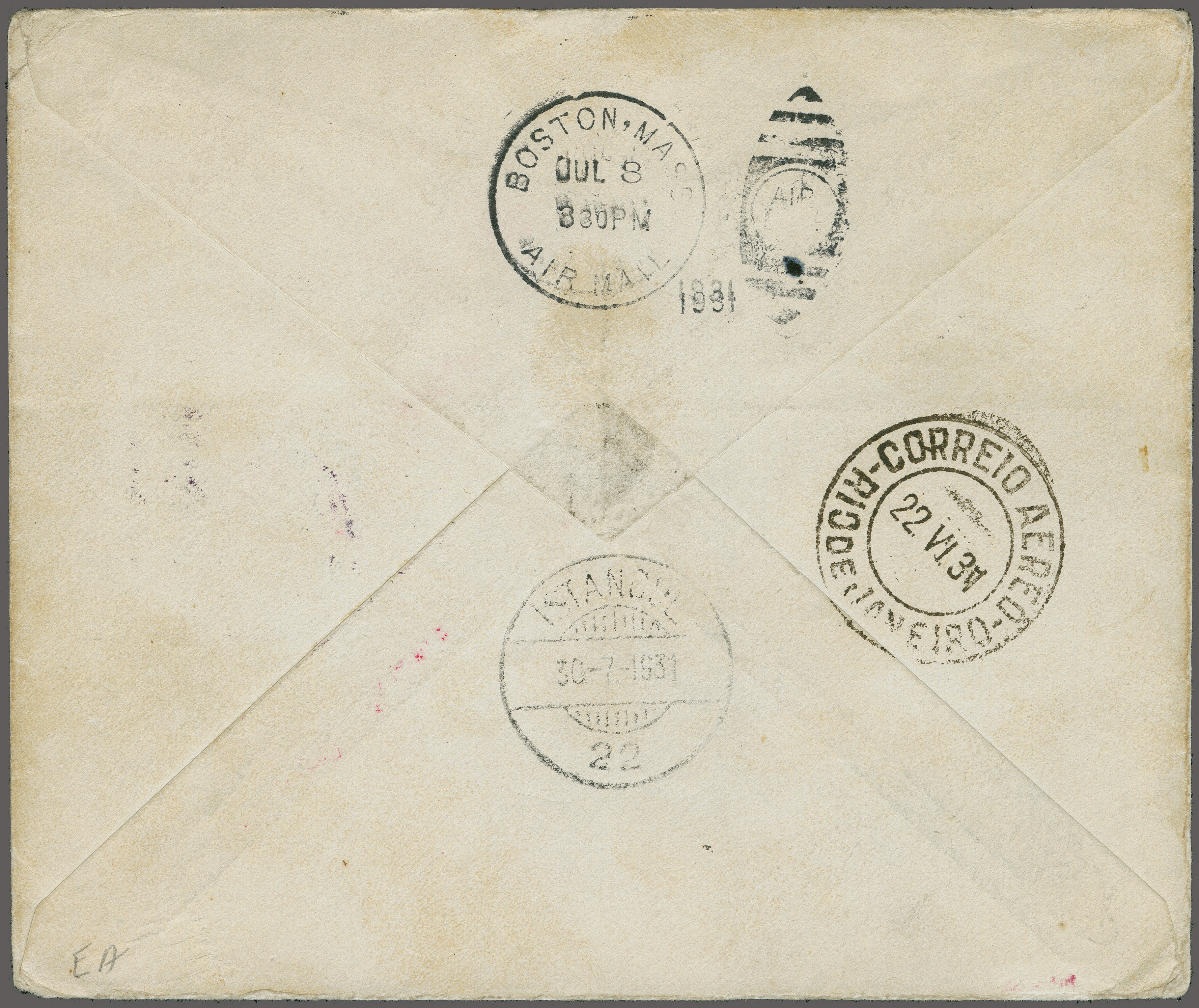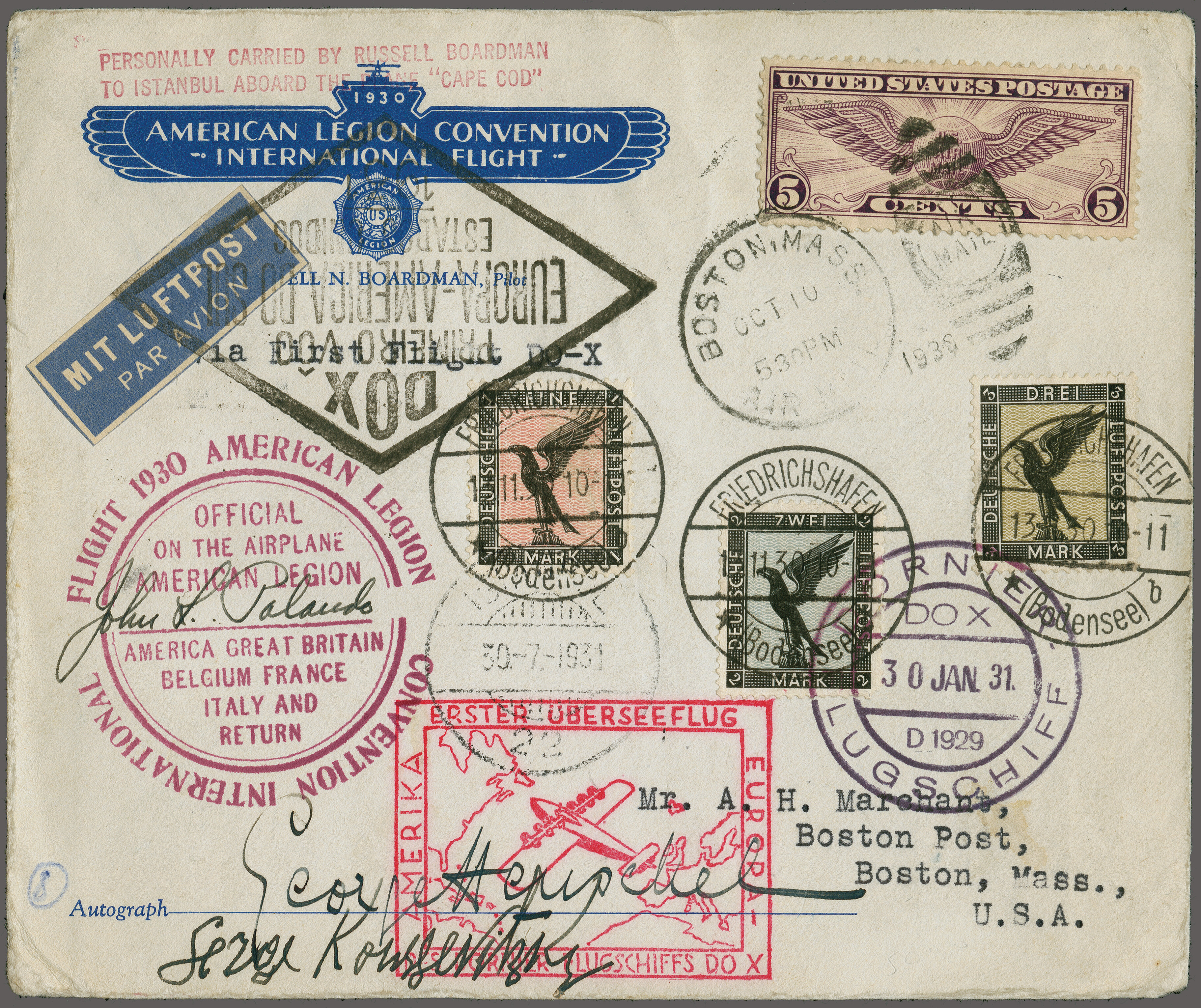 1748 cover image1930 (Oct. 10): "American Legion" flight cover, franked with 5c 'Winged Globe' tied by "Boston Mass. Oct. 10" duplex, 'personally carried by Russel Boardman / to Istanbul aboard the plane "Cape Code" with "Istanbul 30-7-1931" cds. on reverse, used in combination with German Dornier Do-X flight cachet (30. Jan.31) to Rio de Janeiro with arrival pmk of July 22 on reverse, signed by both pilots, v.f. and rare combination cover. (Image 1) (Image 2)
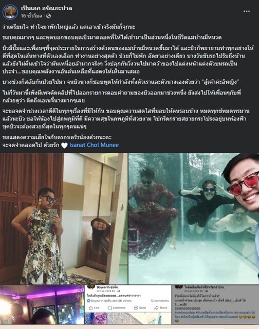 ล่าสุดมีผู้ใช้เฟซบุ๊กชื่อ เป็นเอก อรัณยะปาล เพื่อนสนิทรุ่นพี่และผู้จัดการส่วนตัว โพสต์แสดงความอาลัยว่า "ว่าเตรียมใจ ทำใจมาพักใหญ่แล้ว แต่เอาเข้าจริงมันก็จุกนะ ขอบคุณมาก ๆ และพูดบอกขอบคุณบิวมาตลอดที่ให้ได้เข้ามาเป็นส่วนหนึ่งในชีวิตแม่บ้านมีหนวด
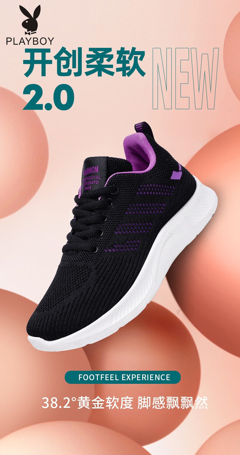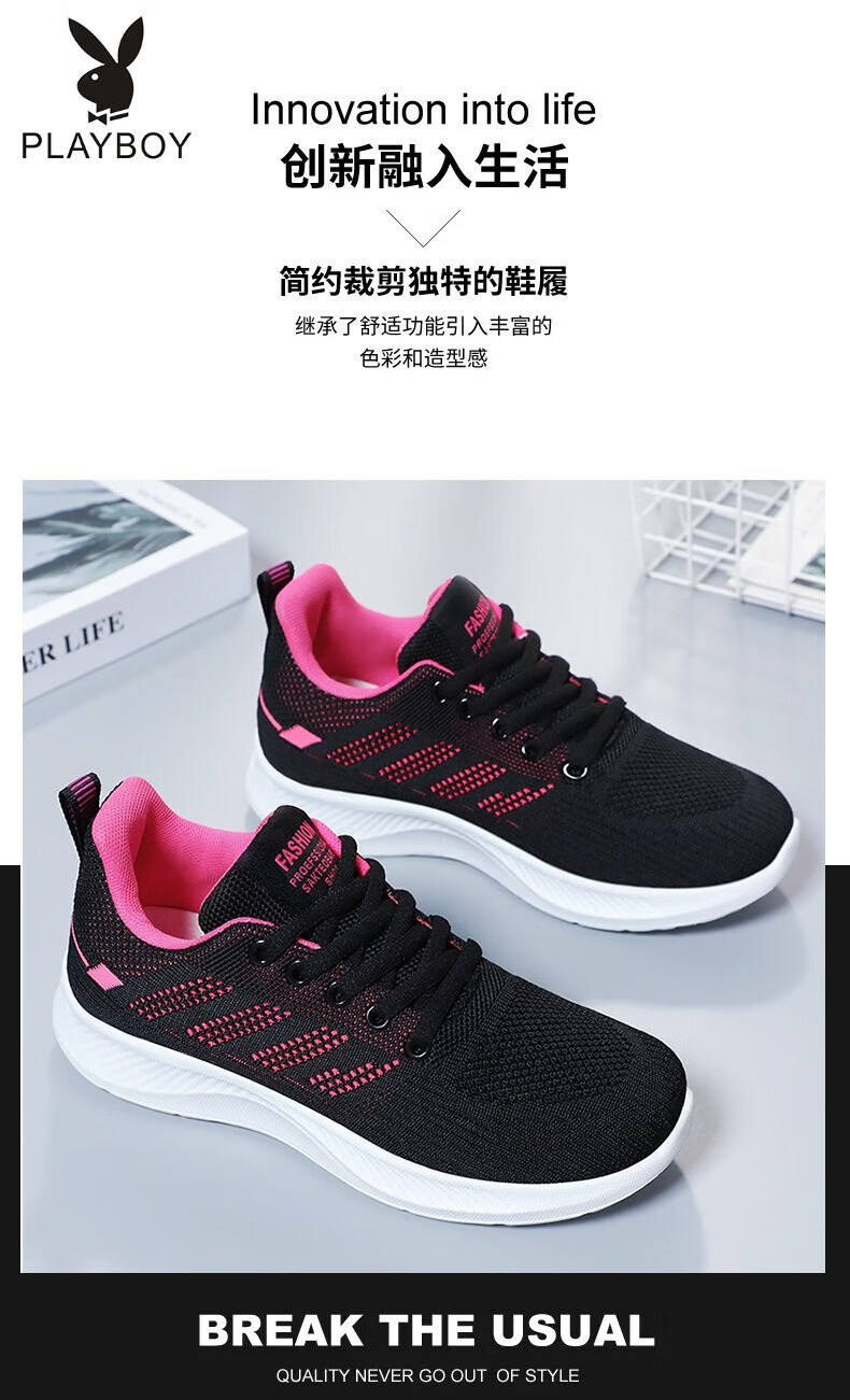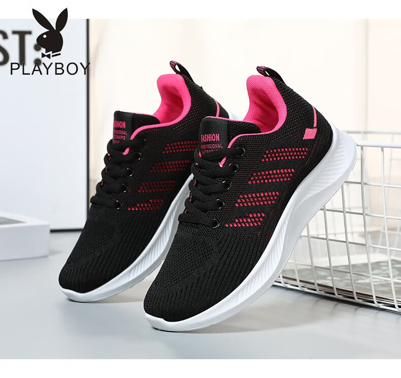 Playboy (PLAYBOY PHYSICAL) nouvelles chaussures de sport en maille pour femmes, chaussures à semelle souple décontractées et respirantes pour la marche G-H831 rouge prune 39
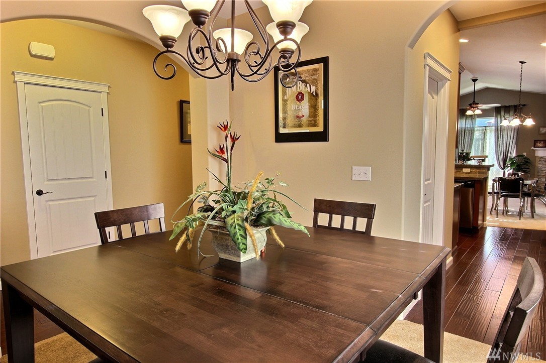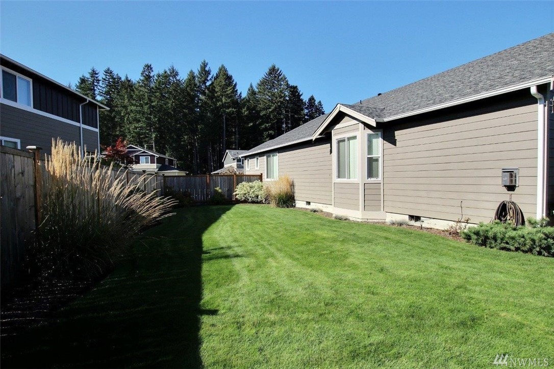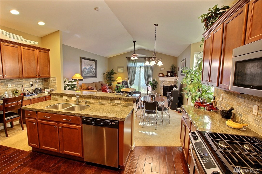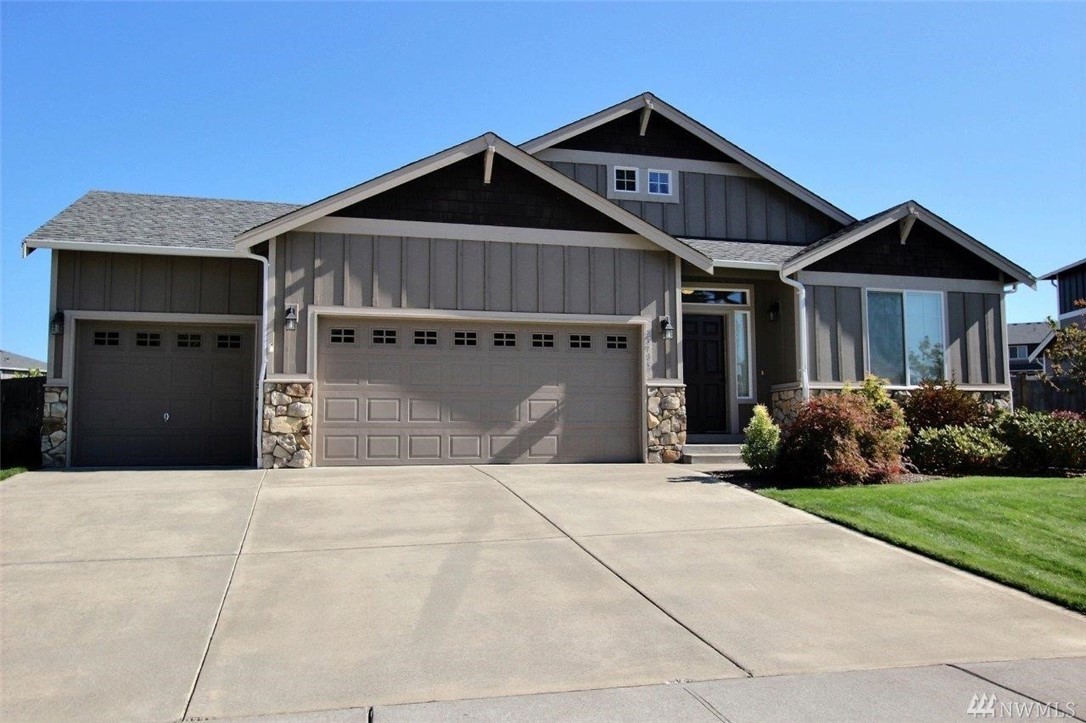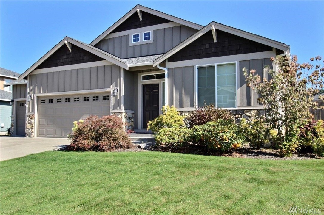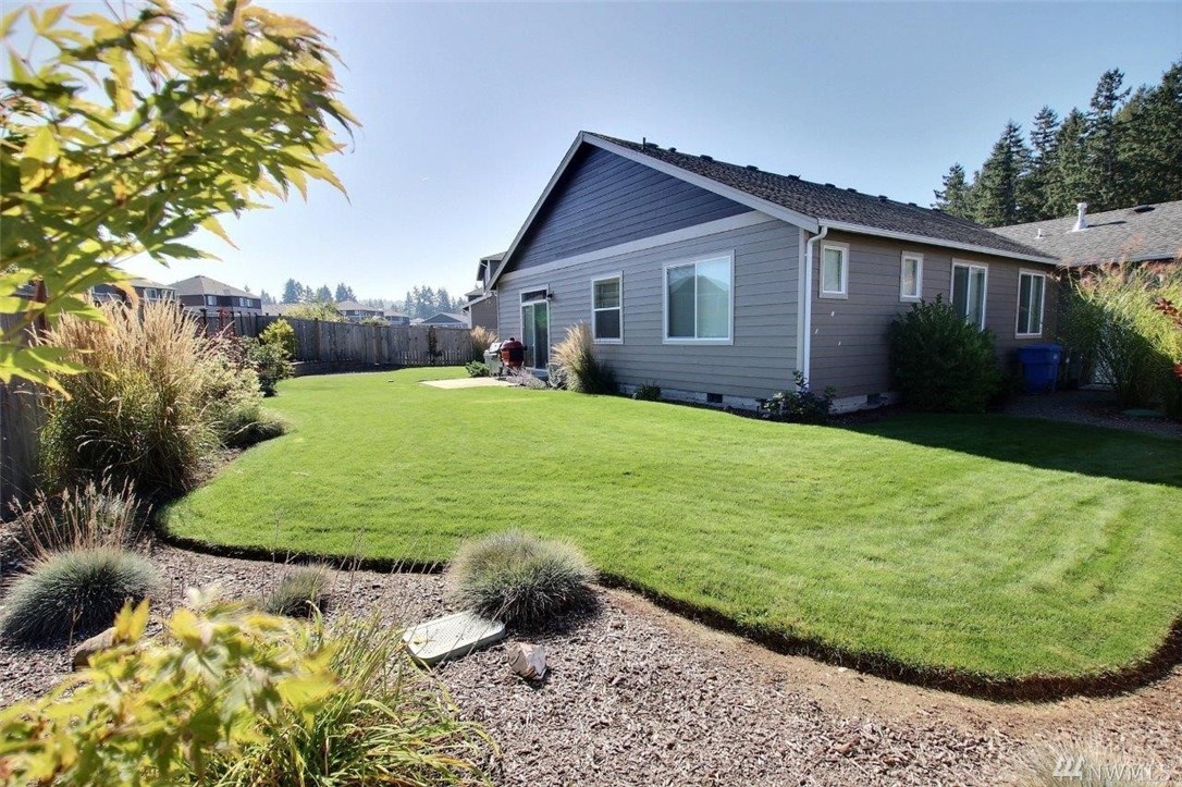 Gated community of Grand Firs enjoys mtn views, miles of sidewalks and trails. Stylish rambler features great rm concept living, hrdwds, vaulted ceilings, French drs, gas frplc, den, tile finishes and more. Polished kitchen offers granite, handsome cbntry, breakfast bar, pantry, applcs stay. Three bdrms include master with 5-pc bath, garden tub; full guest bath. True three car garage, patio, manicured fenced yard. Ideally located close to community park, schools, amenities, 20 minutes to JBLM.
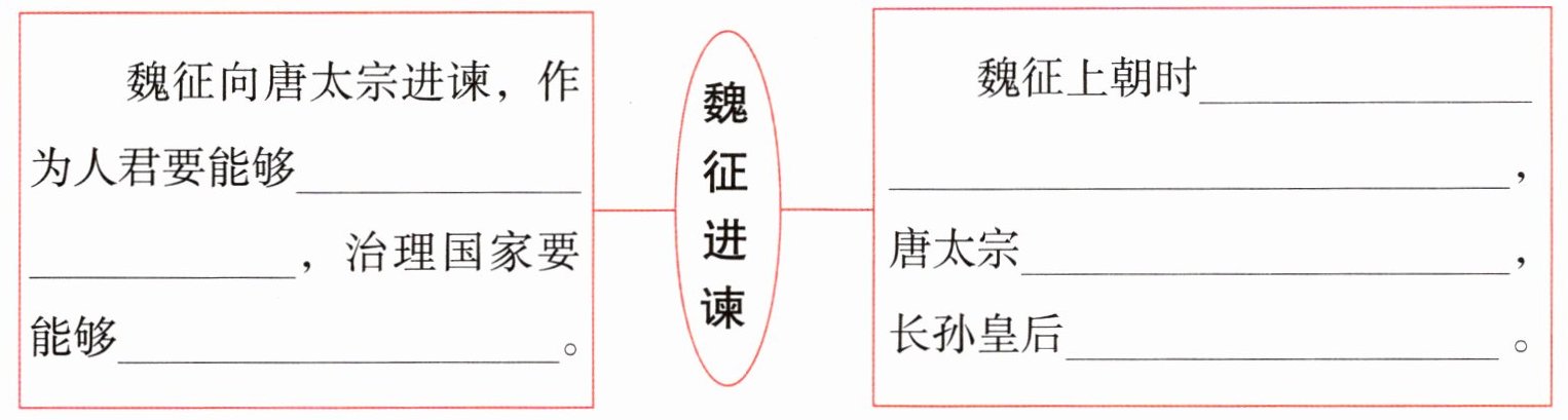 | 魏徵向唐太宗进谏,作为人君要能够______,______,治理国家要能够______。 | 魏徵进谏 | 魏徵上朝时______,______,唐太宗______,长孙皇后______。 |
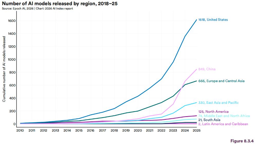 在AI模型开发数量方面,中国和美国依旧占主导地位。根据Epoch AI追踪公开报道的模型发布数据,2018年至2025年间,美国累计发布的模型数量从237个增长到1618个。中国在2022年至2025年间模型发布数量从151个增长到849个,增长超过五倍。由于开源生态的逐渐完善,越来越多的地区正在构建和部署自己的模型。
--
• _Activity_: A word-for-word copy of the records is needed, one that contains no pictures.

• _Result_:
 1748 cover image1930 (Oct. 10): "American Legion" flight cover, franked with 5c 'Winged Globe' tied by "Boston Mass. Oct. 10" duplex, 'personally carried by Russel Boardman / to Istanbul aboard the plane "Cape Code" with "Istanbul 30-7-1931" cds. on reverse, used in combination with German Dornier Do-X flight cachet (30. Jan.31) to Rio de Janeiro with arrival pmk of July 22 on reverse, signed by both pilots, v.f. and rare combination cover. (Image 1) (Image 2)
 ล่าสุดมีผู้ใช้เฟซบุ๊กชื่อ เป็นเอก อรัณยะปาล เพื่อนสนิทรุ่นพี่และผู้จัดการส่วนตัว โพสต์แสดงความอาลัยว่า "ว่าเตรียมใจ ทำใจมาพักใหญ่แล้ว แต่เอาเข้าจริงมันก็จุกนะ ขอบคุณมาก ๆ และพูดบอกขอบคุณบิวมาตลอดที่ให้ได้เข้ามาเป็นส่วนหนึ่งในชีวิตแม่บ้านมีหนวด
 Playboy (PLAYBOY PHYSICAL) nouvelles chaussures de sport en maille pour femmes, chaussures à semelle souple décontractées et respirantes pour la marche G-H831 rouge prune 39
 Gated community of Grand Firs enjoys mtn views, miles of sidewalks and trails. Stylish rambler features great rm concept living, hrdwds, vaulted ceilings, French drs, gas frplc, den, tile finishes and more. Polished kitchen offers granite, handsome cbntry, breakfast bar, pantry, applcs stay. Three bdrms include master with 5-pc bath, garden tub; full guest bath. True three car garage, patio, manicured fenced yard. Ideally located close to community park, schools, amenities, 20 minutes to JBLM.
 | 魏徵向唐太宗进谏,作为人君要能够______,______,治理国家要能够______。 | 魏徵进谏 | 魏徵上朝时______,______,唐太宗______,长孙皇后______。 |
 在AI模型开发数量方面,中国和美国依旧占主导地位。根据Epoch AI追踪公开报道的模型发布数据,2018年至2025年间,美国累计发布的模型数量从237个增长到1618个。中国在2022年至2025年间模型发布数量从151个增长到849个,增长超过五倍。由于开源生态的逐渐完善,越来越多的地区正在构建和部署自己的模型。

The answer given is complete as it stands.